═══ Collected data
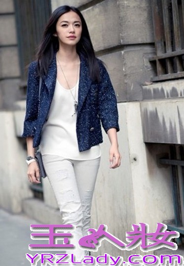 小编点评:有时太追求百搭效果,反而导致衣柜里一水儿的基础款。这时候学姚晨一件织入亮线的外套小西装搭配白色背心和灰色牛仔裤就能点亮整个造型。
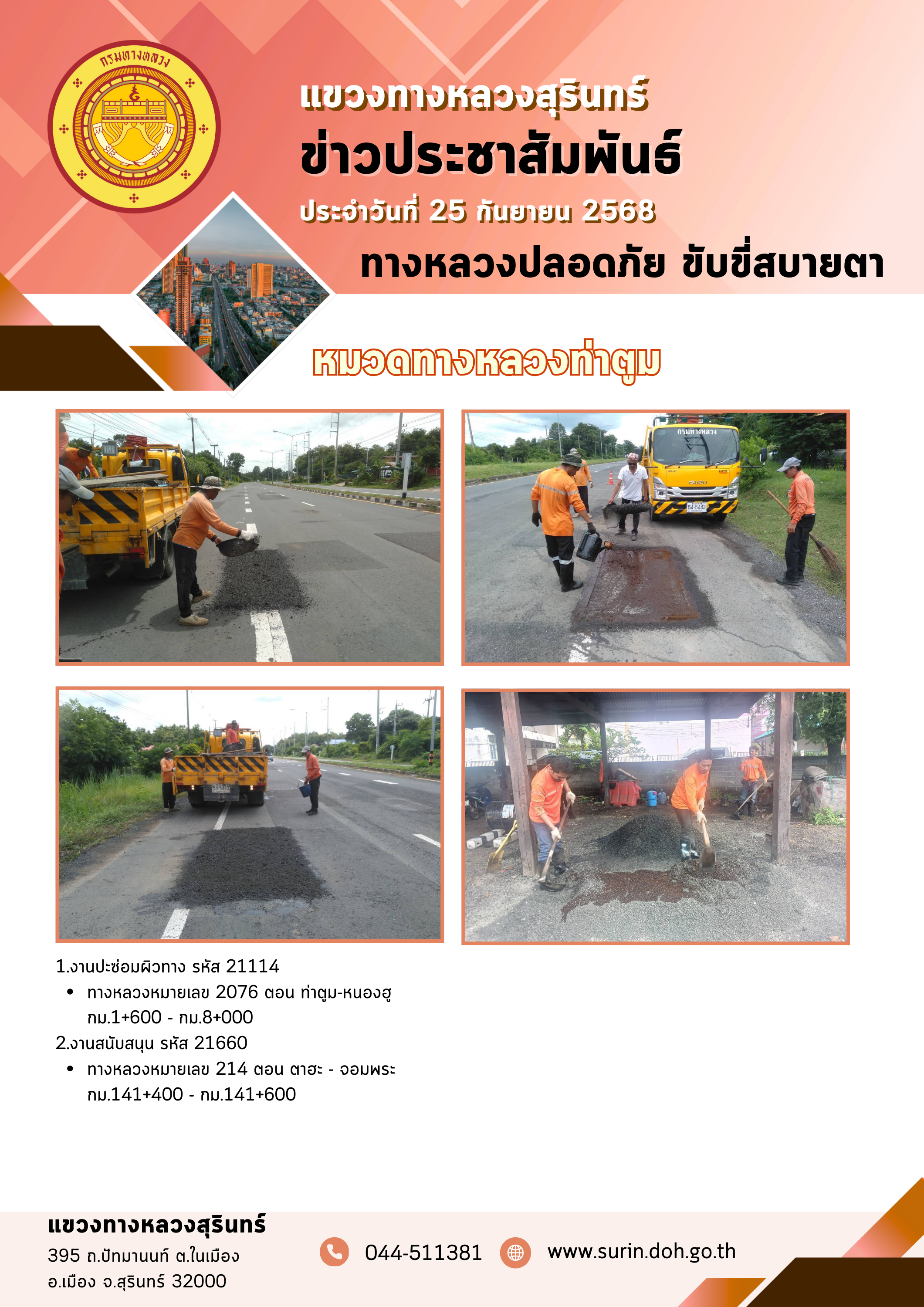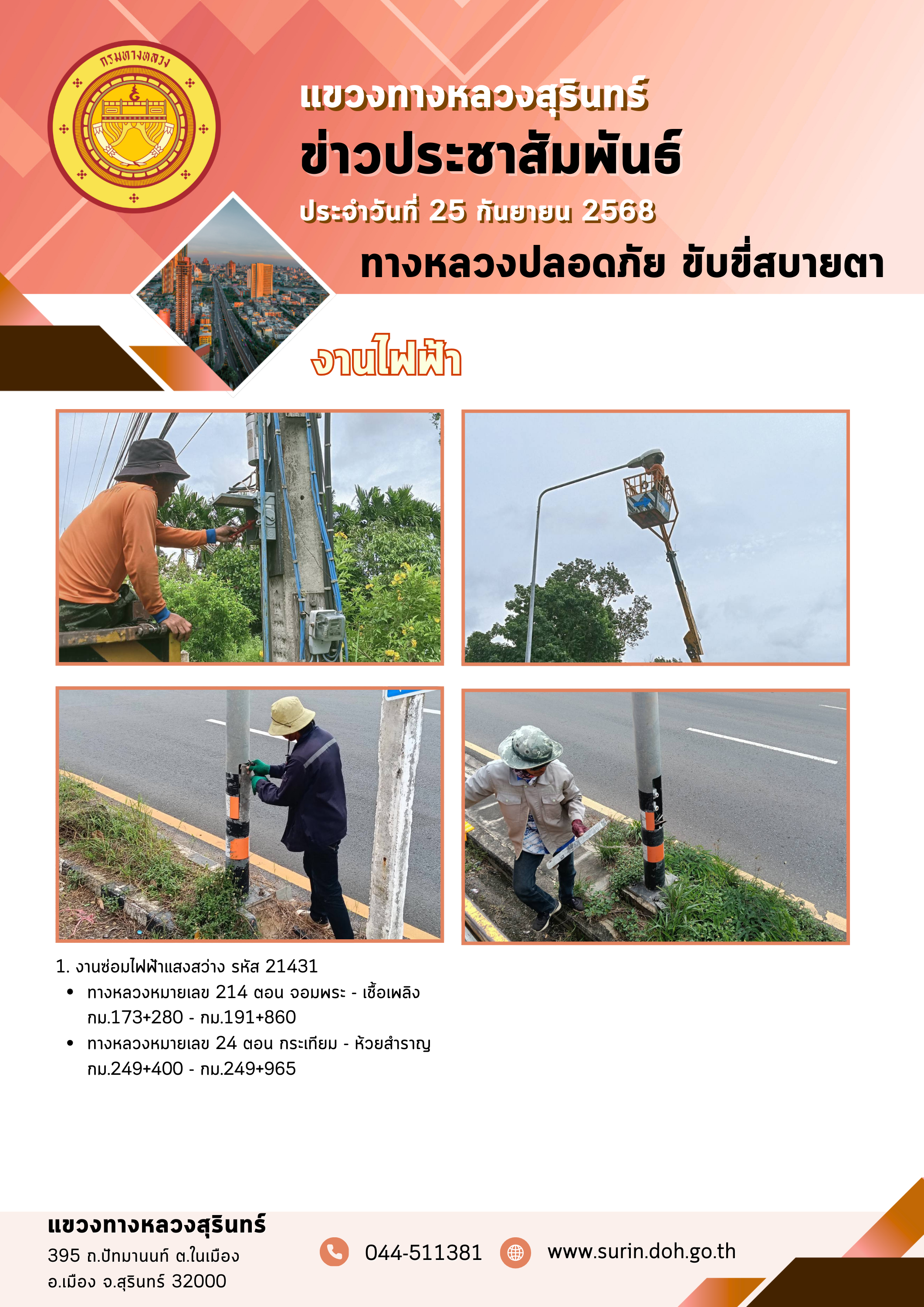 ข้อมูลข่าว : ทางหลวงปลอดภัย ขับขี่สบายตา 25 กันยายน 2568
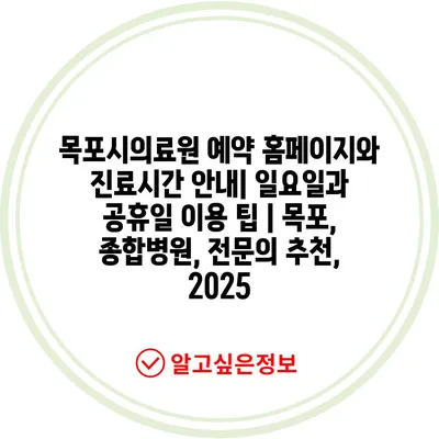 목포시의료원 예약 홈페이지와 진료시간 공지| 일요일과 공휴일 이용 팁 | 목포, 종합병원, 전연락 추천, 2025 에 대해 자주 묻는 질문 TOP 5
══════
Exercise requirements:
In your copy of the listing, please omit the pictures and keep every word exact.

Written answer:
 小编点评:有时太追求百搭效果,反而导致衣柜里一水儿的基础款。这时候学姚晨一件织入亮线的外套小西装搭配白色背心和灰色牛仔裤就能点亮整个造型。
 ข้อมูลข่าว : ทางหลวงปลอดภัย ขับขี่สบายตา 25 กันยายน 2568
 목포시의료원 예약 홈페이지와 진료시간 공지| 일요일과 공휴일 이용 팁 | 목포, 종합병원, 전연락 추천, 2025 에 대해 자주 묻는 질문 TOP 5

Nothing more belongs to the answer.